Title: | Creates a "shadow population" for comparative data analysis |
---|---|
Description: | Creates a "shadow population" for comparative data analysis. |
Authors: | Fran Barton [aut, cre] |
Maintainer: | Fran Barton <[email protected]> |
License: | MIT + file LICENSE |
Version: | 0.0.1 |
Built: | 2024-11-08 05:45:08 UTC |
Source: | https://codeberg.org/francisbarton/shadowpop |
This is a bit like creating a control group, or a training/testing set.
However, the aim is to create the best possible match between the sample
population (provided by the user) and the shadow population (generated by
the shadowpop()
function).
shadowpop( sample_data, source_data, match_cols = NULL, id_col = NULL, shadow_size = NULL )

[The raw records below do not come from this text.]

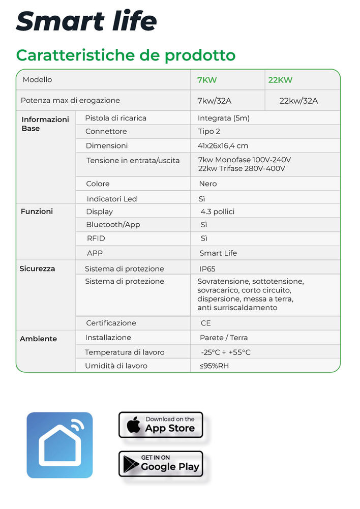 Smart life, con il suo sistema di ricarica plug&charge, è la stazione di ricari- ca ideale per casa tua. Semplice da usare e ricca di funzioni. Scegli la po- tenza più adatta a te e gestisci la ricarica tramite app Smart life.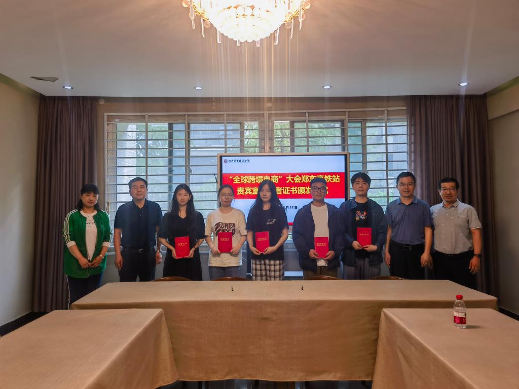 签字仪式后,王瑞国书记为今年会官网协助中原铁道国际旅行社完成第七届全球跨境电子商务大会郑州东站贵宾接待任务的师生颁发了优秀志愿者证书并参观了今年会官网虚拟仿真语言学习中心。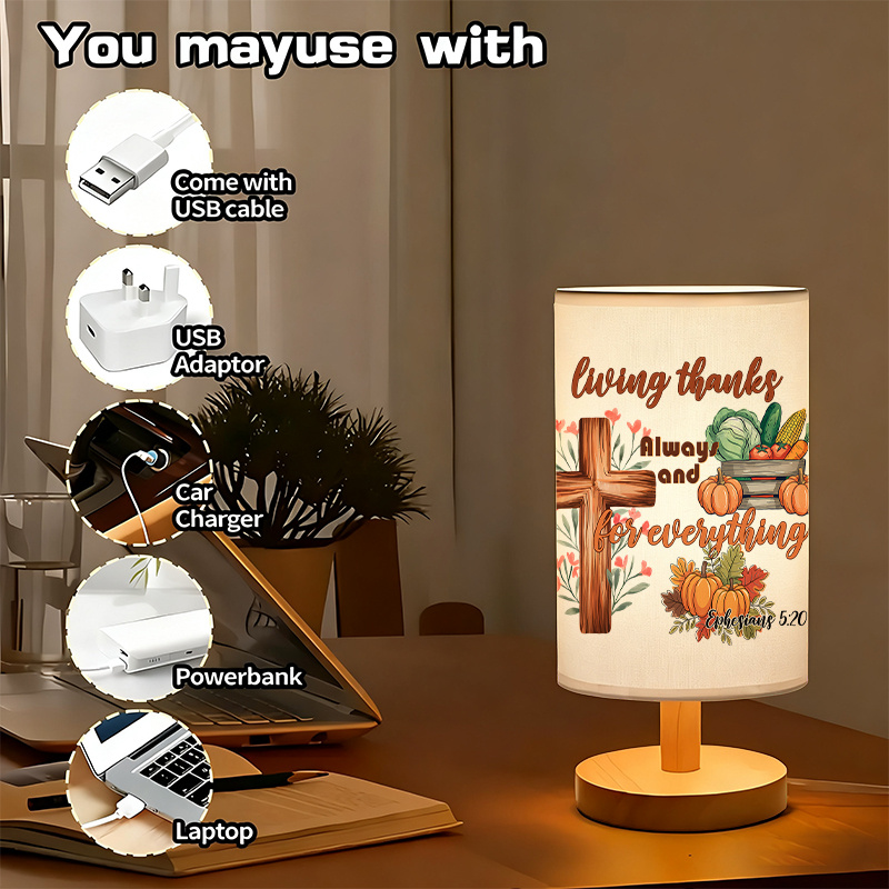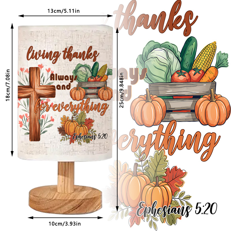 The Living Thanks Message Decor Printed Linen Table Lamp design brings a message-focused look to a modern lamp that fits easily into everyday spaces. The printed shade features a warm seasonal illustration with harvest-style elements and a central wooden-style cross graphic, paired with a gratitude-themed phrase and a scripture reference. The cylindrical linen-style shade keeps the artwork visible from common viewing angles, while the uplight lighting method sends light upward through the fabric for soft ambient illumination. This makes it suitable for quiet evenings, reading corners, and room lighting where you want a gentle glow rather than a direct beam.

shadowpop( sample_data, source_data, match_cols = NULL, id_col = NULL, shadow_size = NULL )
sample_data |
data frame Your sample population |
source_data |
data frame A larger population from which to extract a shadow sample |
match_cols |
A character vector of column names shared between sample_data and source_data, to be used as variables to match against. Put the variable you care about most at the start of the list; "nice to have" matches towards the end |
id_col |
character A column name not included in match_cols, which acts as a unique ID or key for each row in sample_data and in source_data. An ID column named "id" will be automatically created if no id_col is specified |
shadow_size |
integer The number of rows of shadow population to create. If not specified this will be set to the same nrow as sample_data. Should be (meaningfully) less than nrow(source_data)! |